When necessary, you can also select:
- The grouping/nesting variable (for a 2-level or 3-level model);
- Observation weights,
for unequally-weighed observations,
as in meta-analysis;
- The interval bounds for censored dependent variable observations, as in survival analysis;
- Select the Markov Chain Monte Carlo (MCMC) sampling parameters
(number of MCMC samples, burn in period, thinning intervals),
for estimating the posterior distribution of the model;
- Output results of the data analysis under the chosen Bayesian model,
through text and graphical output files, that report:
- The estimates of the posterior distribution of the model parameters;
- The model's predictive fit to the given data set;
- The predictions of the model as a function of
one or more covariates (predictors) you choose;
- the MCMC convergence of all of these estimates, through trace plots,
and subsampling methods that calculate
95% MC confidence intervals of the estimates.

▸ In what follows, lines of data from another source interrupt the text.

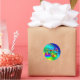 A graphic hippie peace sign design with the text "Old Hippies Never Die" by artist/designer Charmaine Paulson on a sticker.
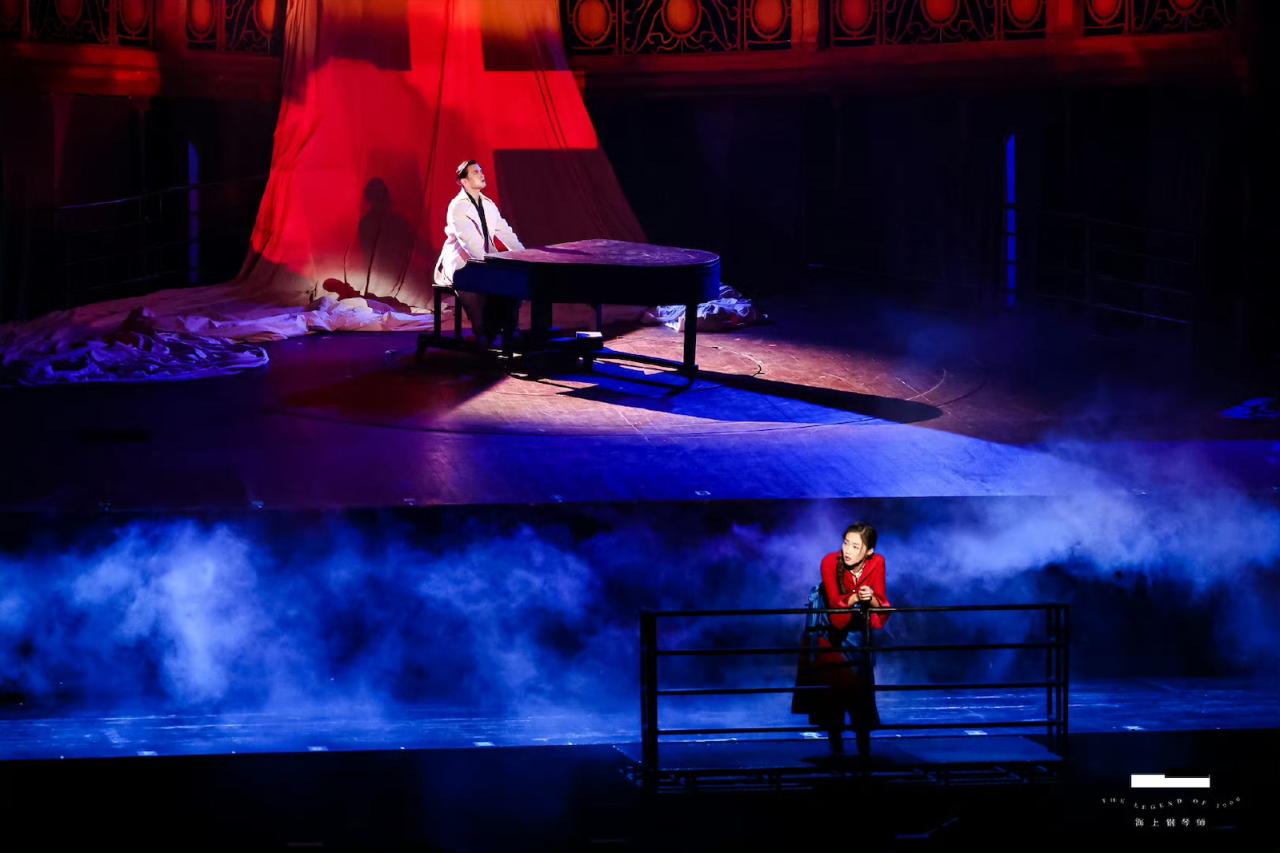 或许大多数观众在观看音乐剧之前都看过同名电影,这就不得不提到两者的不同。相比之下,电影《海上钢琴师》有不少场景和画面反映时代背景,比如移民潮与“美国梦”,画面的质感也让人时刻感受大时代的困境,虽然音乐剧《海上钢琴师》中也表述了战争对人类的伤害,但舞台的乌托邦属性削弱了现实感,营造出更为理想化的空间,让观众把视线集中在一位传奇的音乐天才身上,他在海洋上在漂泊中享受自由,飞蛾扑火般地追求所爱的音乐。
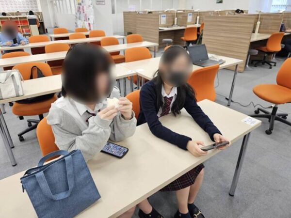 朝ごはんを食べている生徒もいれば、ちょっぴりゲームをしている生徒も。
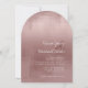 This modern, arch-shaped wedding invitation is slightly informal with warm, personal feel and features an abstract, watercolor design resembling reflections on water. This example has a gradient colour palette from soft rose to trendy Cinnamon Rose. Personalise with the bride and groom's initials, wedding date and details using the provided template. Search ID774 to see complete matching set and additional colour options.

- The Bayesian Regression software is a stand-alone software package.
- The software can run on a 64-bit Windows (PC) computer (also 32-bit for older software versions).
- Download the Bayesian software installation file:
New beta version for 64-bit Computers (23 MB). Includes 100 models.
Version for 64-bit Computers (23 MB). Includes 85 models.
- Click the downloaded file, BayesInstaller_web64bit.exe, to install the software.
This installation automatically includes web-based installation of MATLAB Compiler Runtime.
While installing, please be sure that you select "Add a shortcut to the desktop."
(Also, have internet an connection and disable any firewall/proxy settings).
Alternative installation instructions. Requires: MATLAB Compiler 64-bit, BayesReg64bit.exe.
Previous Software Releases:
Software versions for either Windows XP, Vista, 7, 8, or 8.1:
30June2015: 64-bit Computers (5 MB). 83 models. (MATLAB Compiler 64-bit, BayesReg64bit.exe)
25March2015: For 64-bit and 32-bit Computers (6.9 MB). 59 models.
Or: MATLAB Compiler 32-bit, BayesReg32bit.exe (Version 25March2015. Includes 59 models).
- The Bayesian Regression software is opened by clicking the icon (file) BayesRegression.exe.
The Help menu gives step-by-step instructions on how to analyze data,
using a model of your choice.
- The Bayesian regression software provides several example data files that can be used
to illustrate the software through data analysis.
- To access the example data files, first click the File menu of the software,
and run the menu option "Create Bayes Data Examples file folder" (you only need to run this once).
Then click the File menu again, to import and open an example data file from this folder.
(One example data file can be downloaded from here).
- The Bayesian Regression software outputs the
results of a data analysis into text (.txt) files
with time-stamped names. They include comma-delimited (.csv) and space-delimited text files
(such as posterior samples *.MC1, residual fit statistics *.RES, and .MODEL files).
- The text output files can be viewed in free NotePad++ or TextPad.
Such software is recommended
because it opens multiple output files in separate tabs.
- The delimited text output files can be analyzed and graphed in:
spreadsheet software (free spreadsheet software available from OpenOffice);
or in the free R software, after importing the comma-delimited output file using the R command:
ImportedData = read.csv(file.choose());
- The Bayesian Regression software can also output data analysis
results into graphs, as figure (*.fig) files.
A figure file can be saved as another file format (e.g., *.eps, *.bmp, *.emf, *.jpg, and *.pdf).